=== Section Start ===

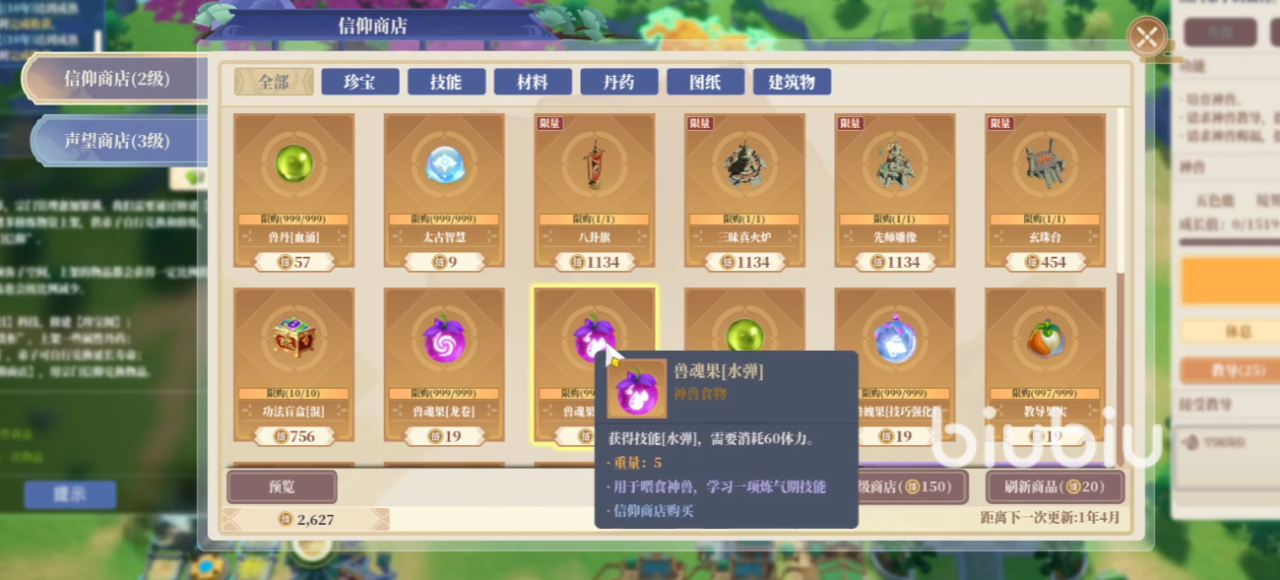 神兽有着自己的属性和技能,我们想要培养神兽的话,就需要解锁信仰商店中的神兽食物,购买神兽食物后给神兽服下,即可提升对应属性。神兽在不同的等级使用的技能也不同,每个境界可以带2个技能,分为主动技能和被动技能。因此想要提升神兽的增添技能,就可以在信仰商店内购买技能果实来实现,当然也购买果实给神兽升级以及提升神兽的属性,另外神兽还会带有赐福技能,可以给宗门子弟带来属性的提升。
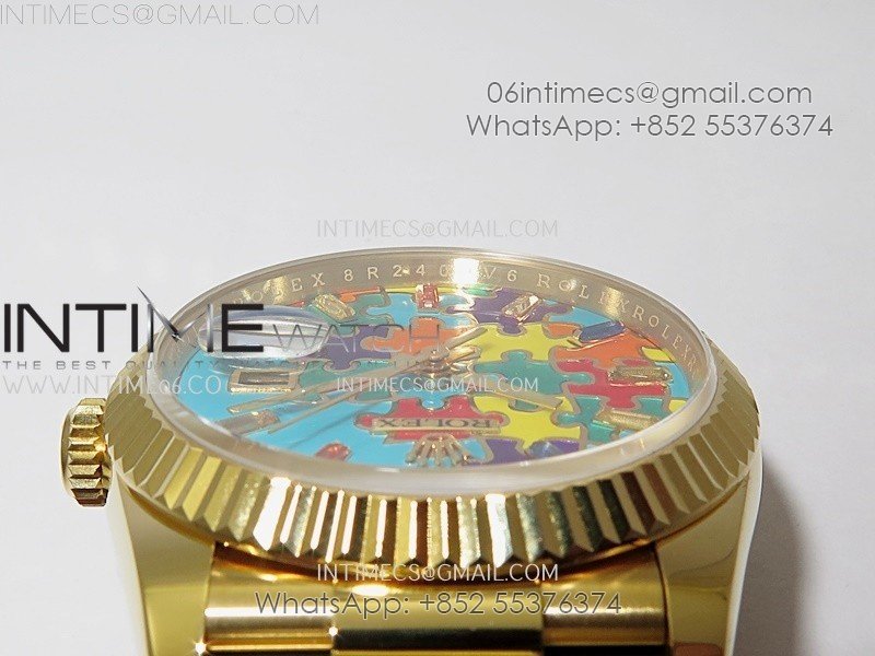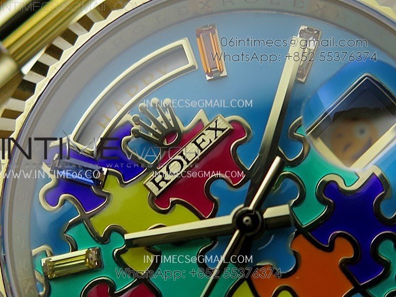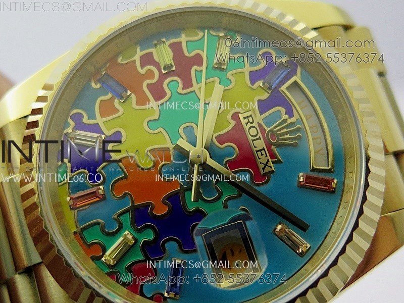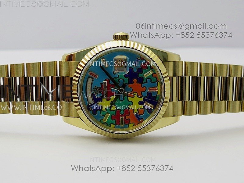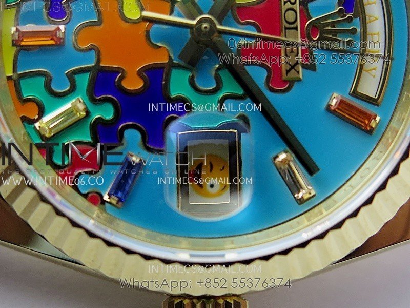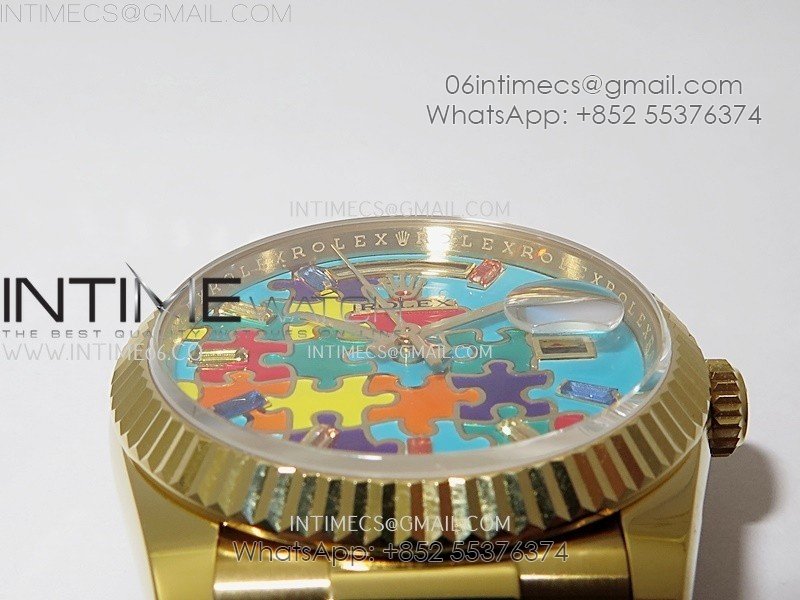 Daydate 128238 36mm Colour Jigsaw Puzzle YG QHF Best Edition Turquoise Blue Dial on YG President Bracelet A2834
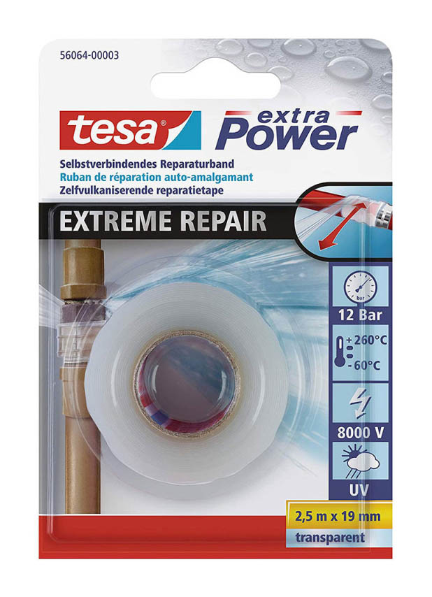 TESA EXTREM REPAIR 2M5X19 TRANSPAR Auto-amalgamant, ce ruban convient pour des réparations rapides et durables sur câbles, tuyaux ou surfaces exposées. | Il permet une étanchéité efficace même sous l’eau grâce à son application directe par superposition sans colle. | Résiste à une pression jusqu’à 12 bars et à des températures extrêmes comprises entre -60 °C et +260 °C. | Assure une isolation électrique jusqu’à 8000 volts, adaptée aux interventions sur câblages électriques. | Supporte les environnements agressifs grâce à une haute résistance aux UV, aux produits chimiques et aux huiles. | Adapté aux réparations permanentes ou temporaires, intérieures comme extérieures. | Se retire sans laisser de résidus, sans endommager les surfaces traitées.
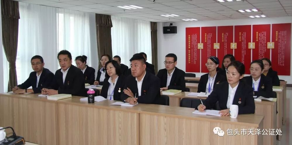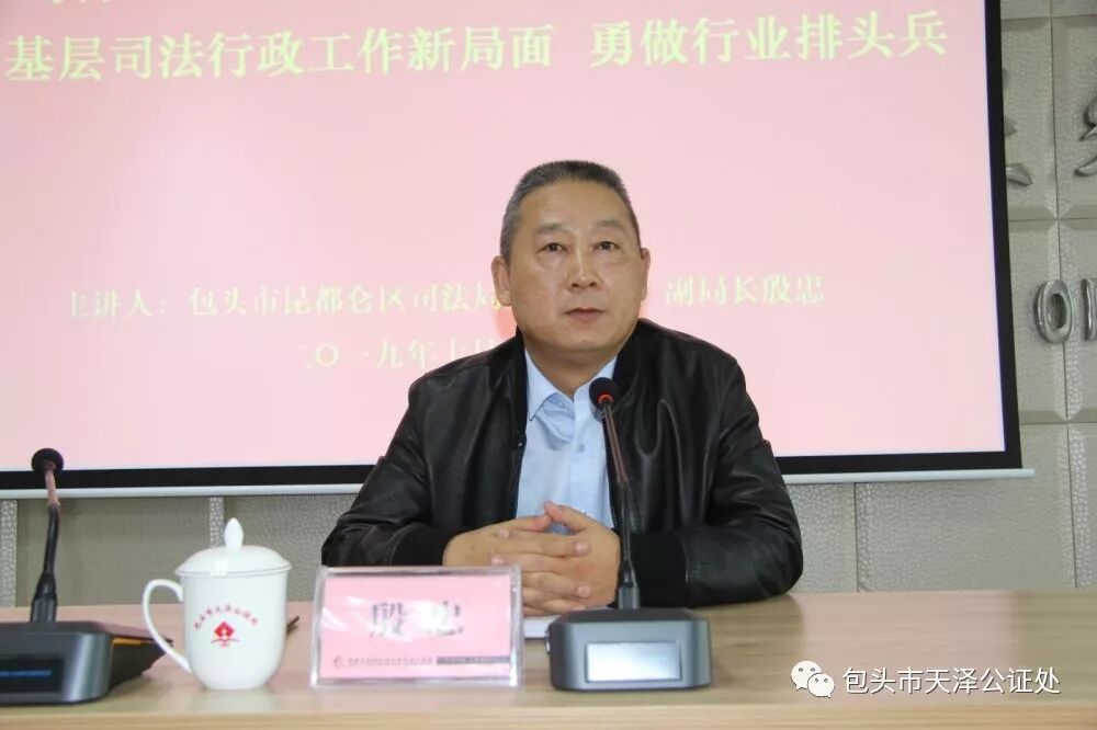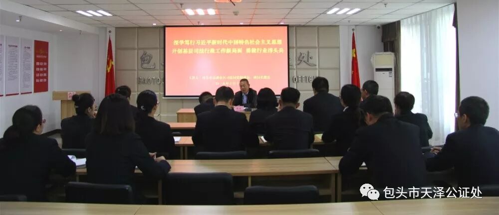 2019年10月18日下午,包头市昆都仑区司法局党组成员、副局长殷忠以《深学笃行习近平新时代中国特色社会主义思想 开创基层司法行政工作新局面 勇做行业排头兵》为题,为包头市天泽公证处全体党员上了一堂主题鲜明、内涵深刻的专题党课。
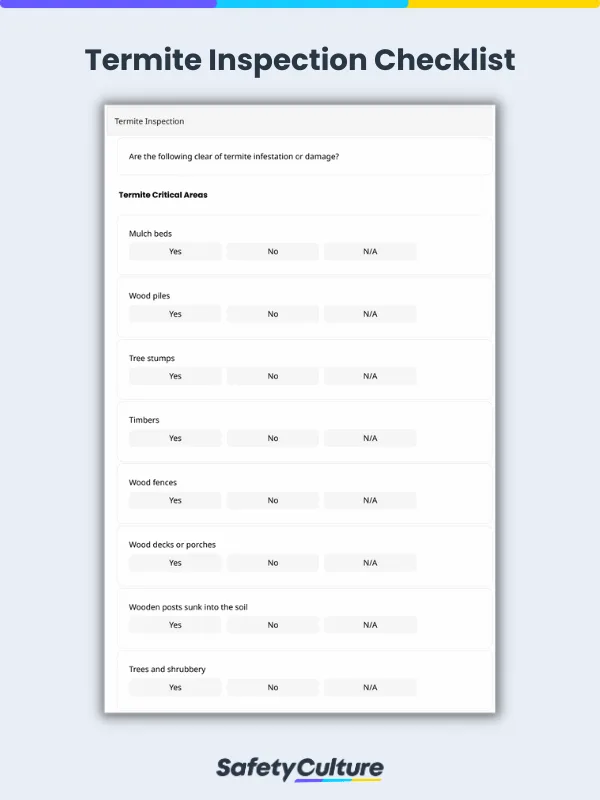 A termite inspection checklist is a valuable tool that guides property managers and termite inspectors during visual checks. It can be used to help ensure that all critical areas of a property are checked for signs of termite infestation and termite damage.
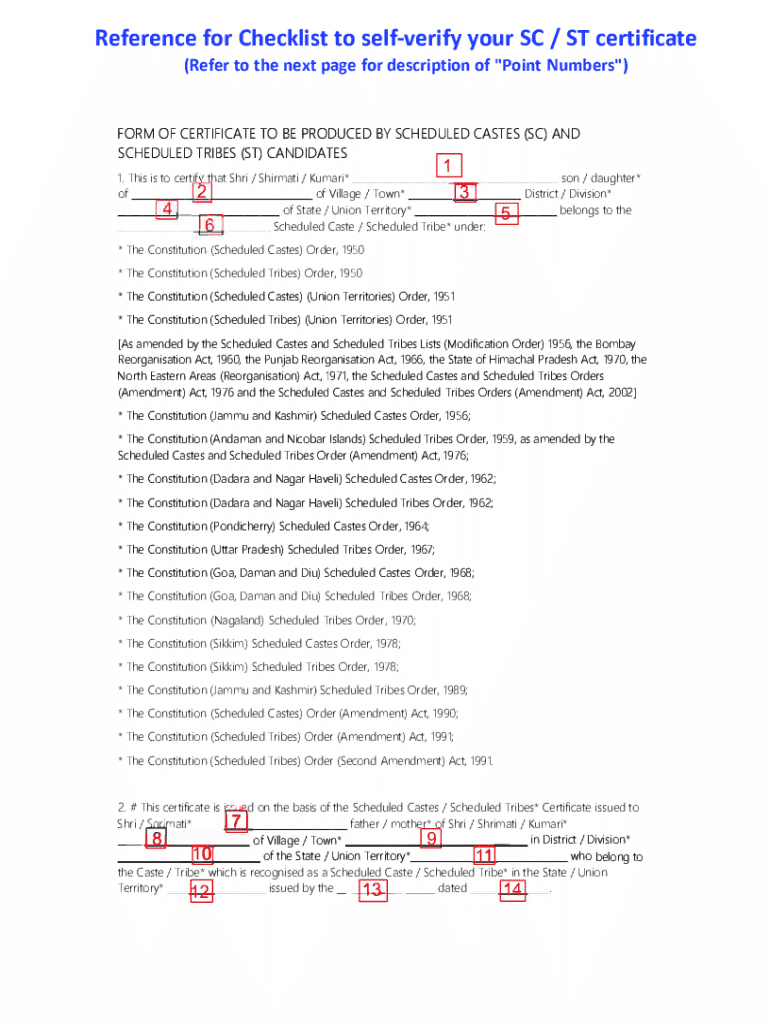 Get the free Reference for Checklist to self-verify your SC / ST certificate - admissions nid
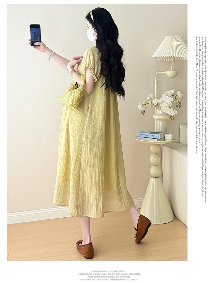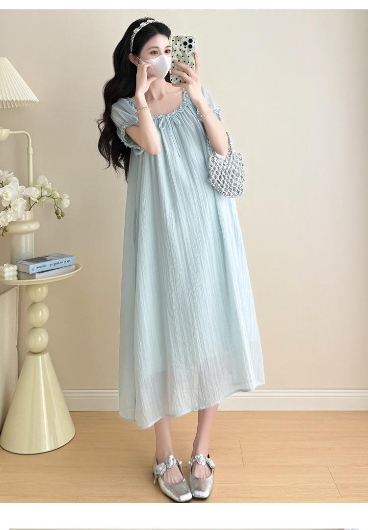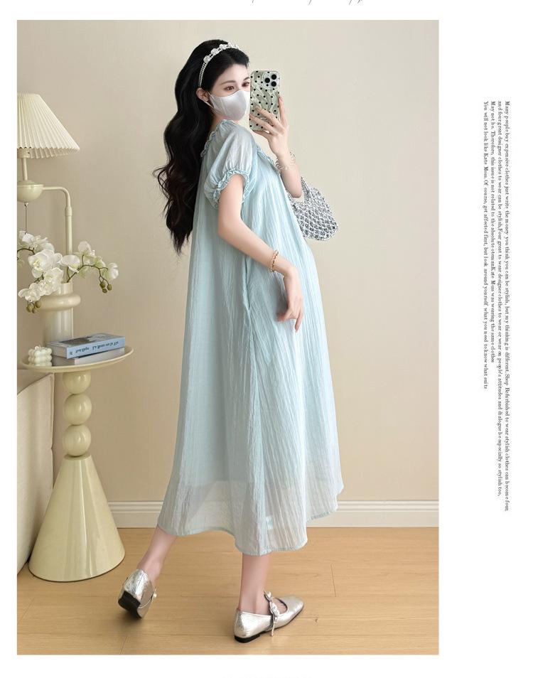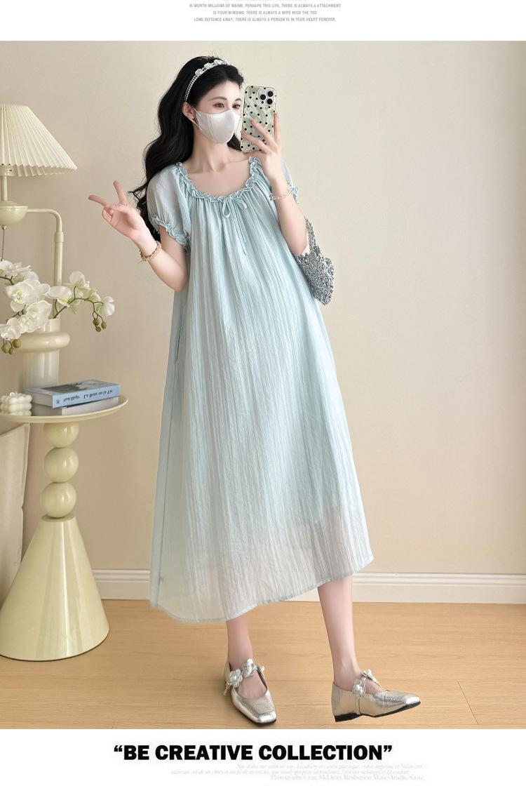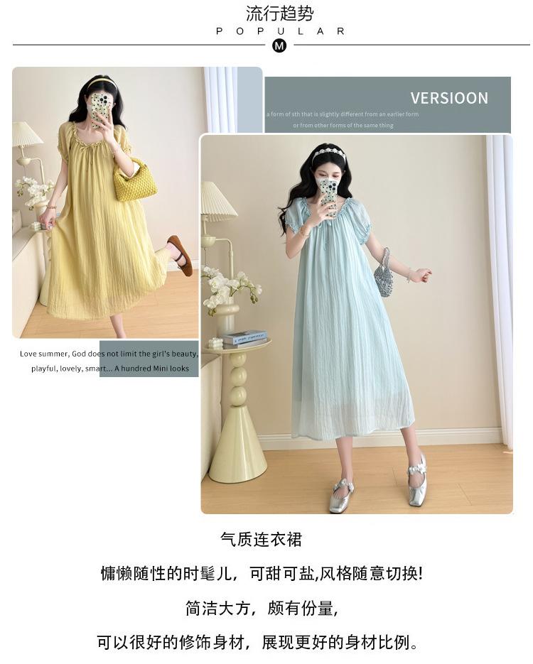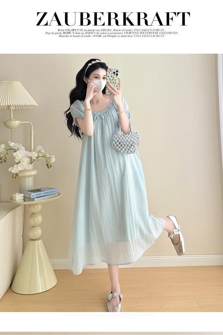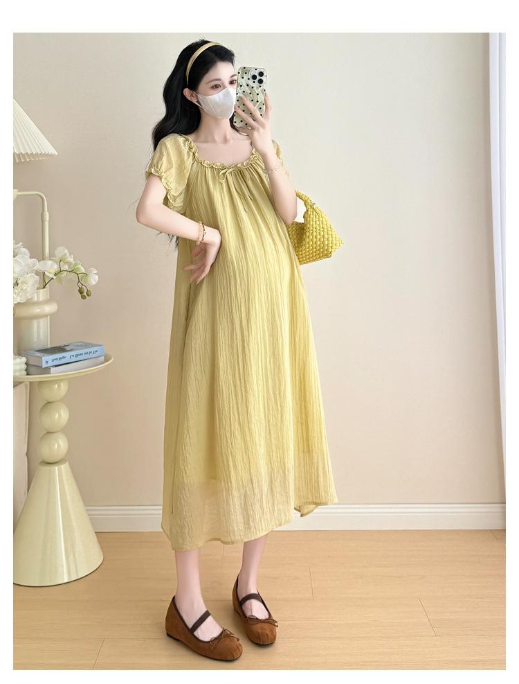 Ropa de Maternidad 2025 Verano Nuevo Estilo Coreano Moda Dulce Reductor de Edad Vestido de Maternidad Suelto de Largo Medio
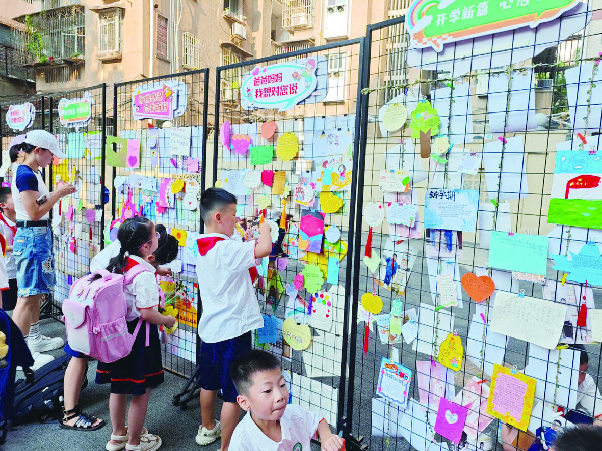 芦淞区栗树山小学,孩子动手设计制作感恩卡、心愿卡,把自己要对爸爸妈妈说的话粘贴在心愿墙上。 记者/戴凛 通讯员/罗湘娟 摄
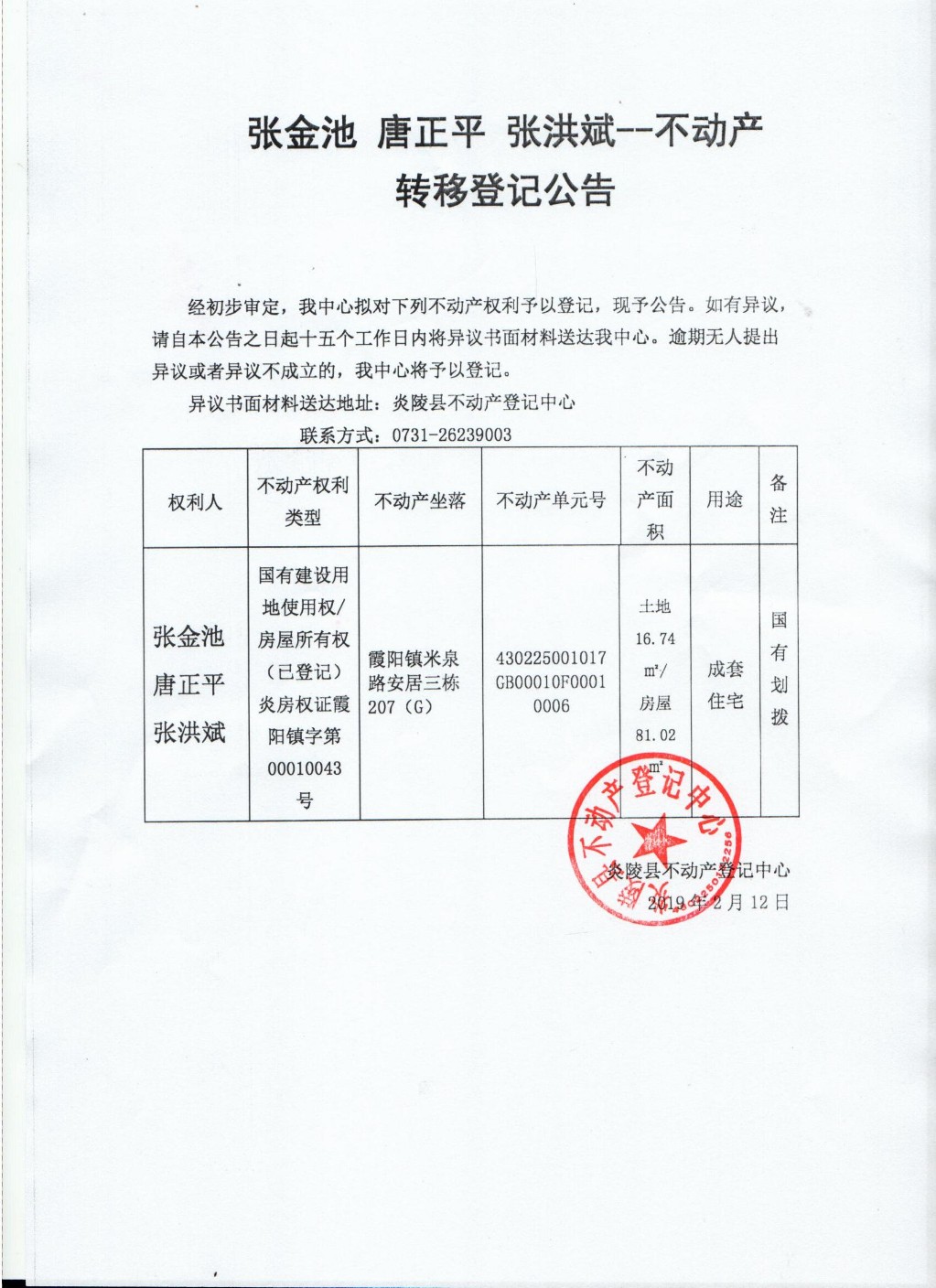 信息来源:炎陵县不动产登记中心
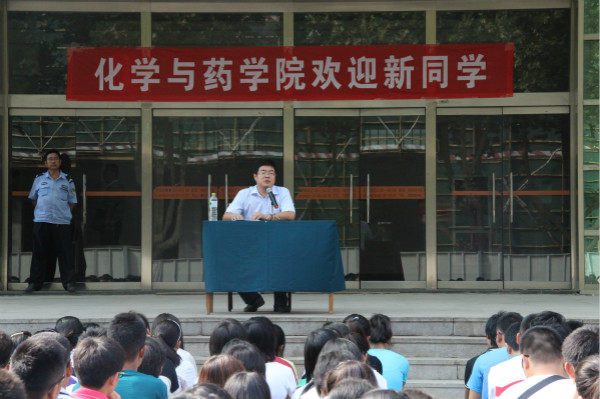 为扎实有效的开展2014级新生入学教育,引导新生树立科学的世界观、人生观和价值观,9月1日上午,化学与药学院组织全体新生在信息楼前开设了入学后的“第一课”---新生“理想信念”专题教育。学院党委副书记、副院长史雪辉做主题报告,2014届化药学院全体新生参加。
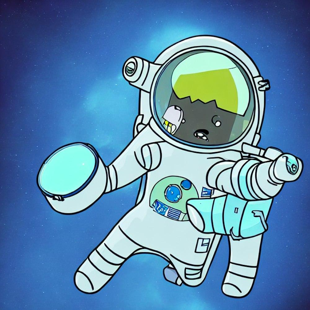 Tooth shaped character in an astronaut suit drawn in the style of BMO from Adventure Time
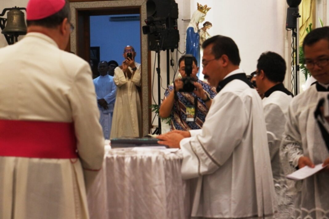 HIDUJATOLIK.com – PARA uskup dari seluruh Indonesia, para imam, biarawan dan biarawati, serta umat yang ikut serta dalam Salve Agung menjelang pentahbisan Uskup Agung Semarang. Pada kesempatan ini Mgr Robertus Rubiyatmoko menyampaikan janji setia sebagai Uskup Agung Semarang di Katedral St Perawan Maria Ratu Rosario Suci, Randusari Semarang, 18/5.
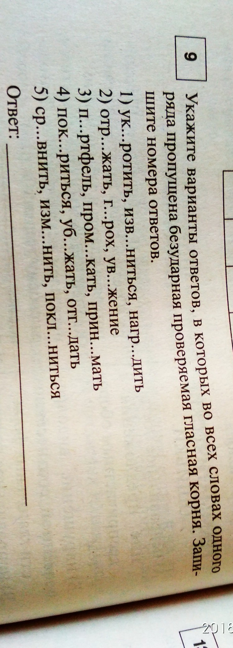 Ответ: 1) укОротить (ко'роток), извИниться (прови'нность), нагрАдить (награ'да); 4) покОриться (поко'рность), убЕжать (бег), отгАдать (отга'дка); 5) срАвнить (ра'вный), измЕнить (изме'на), поклОниться (покло'н).

=== Section End ===

Prompt »
Of the lines above, quote exactly those from the one with "Daydate 128238 36mm" through the one with "A termite inspection", ends included; pictures stay out.

Task output »
 Daydate 128238 36mm Colour Jigsaw Puzzle YG QHF Best Edition Turquoise Blue Dial on YG President Bracelet A2834
 TESA EXTREM REPAIR 2M5X19 TRANSPAR Auto-amalgamant, ce ruban convient pour des réparations rapides et durables sur câbles, tuyaux ou surfaces exposées. | Il permet une étanchéité efficace même sous l’eau grâce à son application directe par superposition sans colle. | Résiste à une pression jusqu’à 12 bars et à des températures extrêmes comprises entre -60 °C et +260 °C. | Assure une isolation électrique jusqu’à 8000 volts, adaptée aux interventions sur câblages électriques. | Supporte les environnements agressifs grâce à une haute résistance aux UV, aux produits chimiques et aux huiles. | Adapté aux réparations permanentes ou temporaires, intérieures comme extérieures. | Se retire sans laisser de résidus, sans endommager les surfaces traitées.
 2019年10月18日下午,包头市昆都仑区司法局党组成员、副局长殷忠以《深学笃行习近平新时代中国特色社会主义思想 开创基层司法行政工作新局面 勇做行业排头兵》为题,为包头市天泽公证处全体党员上了一堂主题鲜明、内涵深刻的专题党课。
 A termite inspection checklist is a valuable tool that guides property managers and termite inspectors during visual checks. It can be used to help ensure that all critical areas of a property are checked for signs of termite infestation and termite damage.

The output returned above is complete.